Significant predictors of lymph node metastasis

Detailed characteristics of all patients analyzed in this study are presented in Table 1. The following 19 clinicopathological factors were analyzed in the training cohort: age, gender, HBsAg, hepatitis C virus antibody (HCV-Ab), alpha-fetoprotein (AFP), alanine aminotransferase (ALT), gamma-glutamyl transferase (γ-GT), liver cirrhosis, Child-Pugh score, tumor differentiation, tumor size, tumor number, tumor encapsulation, vascular invasion, Barcelona Clinic Liver Cancer (BCLC) stage, miR-145, miR-31, miR-92a, and miR-10b. Table 2 summarizes the association of these clinicopathological factors with the LNM status of HCC patients in the training cohort, which were determined by univariate analysis. These significant variables were adopted for multivariate analysis, which indicated that the following five independent variables could significantly predict the LNM risk in HCC: vascular invasion (P = 0.001), BCLC stage (P = 0.018), miR-145 (P = 0.014), miR-31 (P = 0.006), and miR-92a (P = 0.034) (Table 3). We also identified miR-145, miR-31 and miR-92a were correlated with vascular invasion and BCLC stage (Supplementary Tables S1 and S2).

Constructing the miRNA-based prediction model of lymph node metastasis in hepatocellular carcinoma

The miRNA-based prediction model was constructed as follows using multivariate analysis. Each chi-square (χ2) value was divided by the minimum multivariate analysis χ² value of 4.496 to obtain a simple risk score for each significant variable according to its relative contribution to the multivariate analysis model (Table 4). The total risk score of every patient was the aggregate of all simple risk scores, ranging from 0 to 8 in both the training and the validation cohorts. The cutoff point of 4 for both cohorts was the best determinant to discriminate patient categories for low-risk and high-risk LNM groups using the χ² test for linear trend.
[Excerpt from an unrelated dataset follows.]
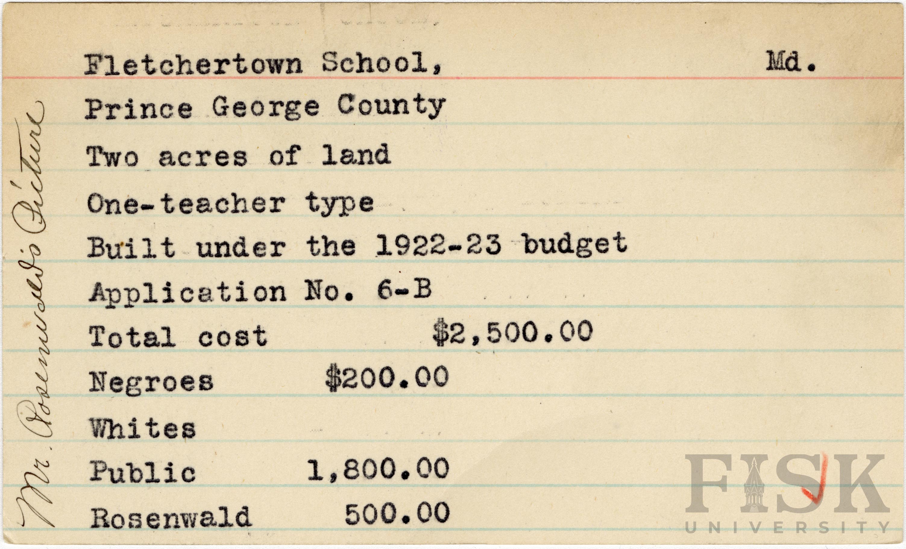 School card from Rosenwald Fund for Fletchertown School in Prince George County, Maryland with a handwritten note that says, "Mr. Rosenwald's Picture"
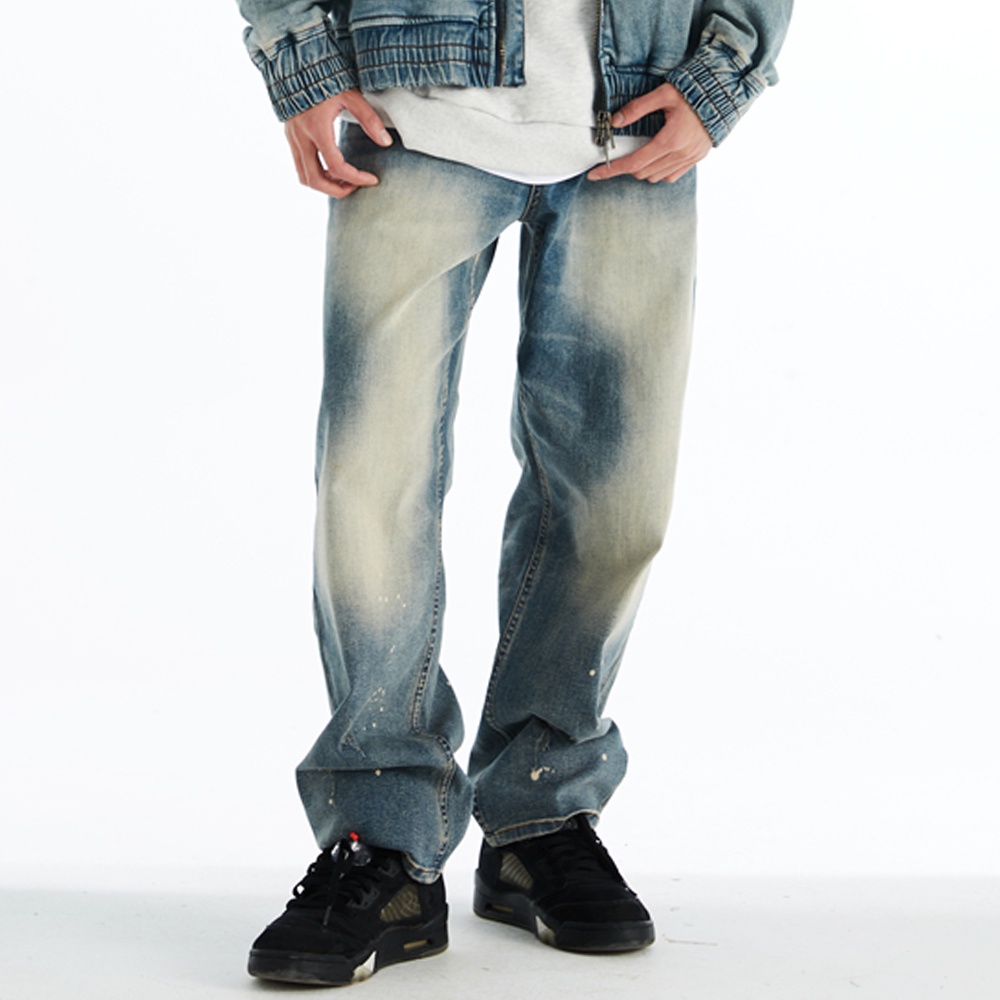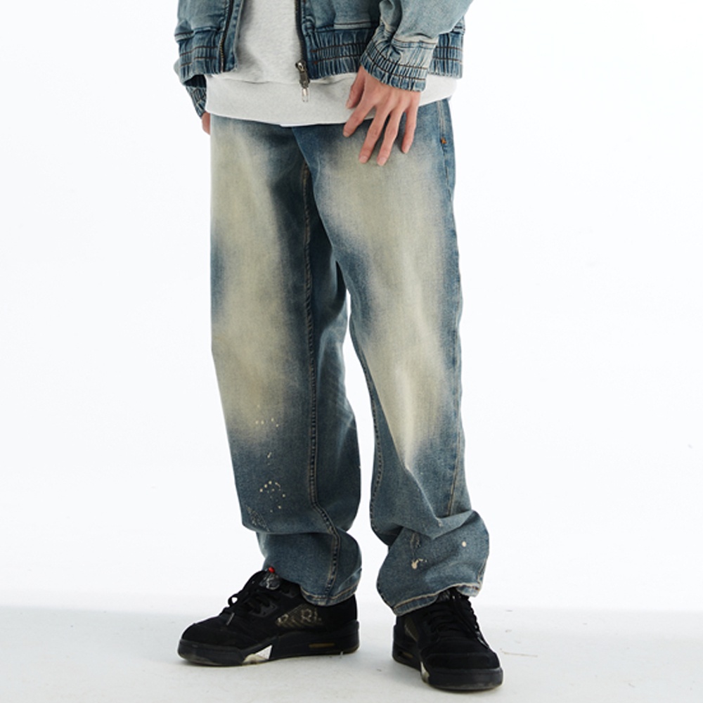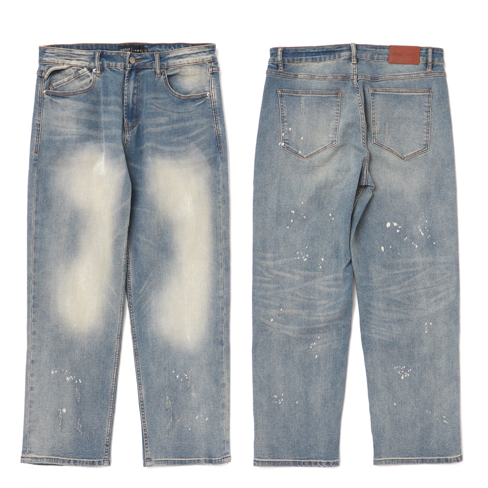 FairPlay x XMXX 藍 牛仔長褲 超彈性 復古 水洗 刷色 直筒 潑墨 寬鬆 美牌 寬褲 牛仔褲 F/W

Using the score of 4 as a cutoff point in the training cohort of 192 patients, 176 (91.7 %) and 16 (8.3 %) patients were in the low-risk and high-risk groups, respectively. In the low-risk and high-risk groups of the training cohort, 10/176 (5.7 %) and 13/16 (81.3 %) patients developed LNM (P < 0.05). The three-miRNA-based prognostic model sensitivity was 73.9 % and specificity was 79.4 % over 5 years and the area under the receiver operating characteristic (ROC) curve (AUC) was 0.906 (95 % CI, 0.842–0.969; P < 0.001), which indicates good reliability and validity (Supplementary Figure S1A). The 1- and 2-year cumulative LNM rates in the high-risk group were 78.1 and 85.4 %, respectively, whereas these values were 3.7 and 4.8 %, respectively, in the low-risk group. Patients in the high-risk group were found to have higher LNM rates (Supplementary Figure S1B). The 5-year positive and negative predictive values of the LNM prediction model were 32.8 and 95.7 %, respectively. Cox regression analysis determined that the LNM hazard ratio for high-risk versus low-risk groups was 32.071 (95 % CI, 12.599–81.636; P < 0.001).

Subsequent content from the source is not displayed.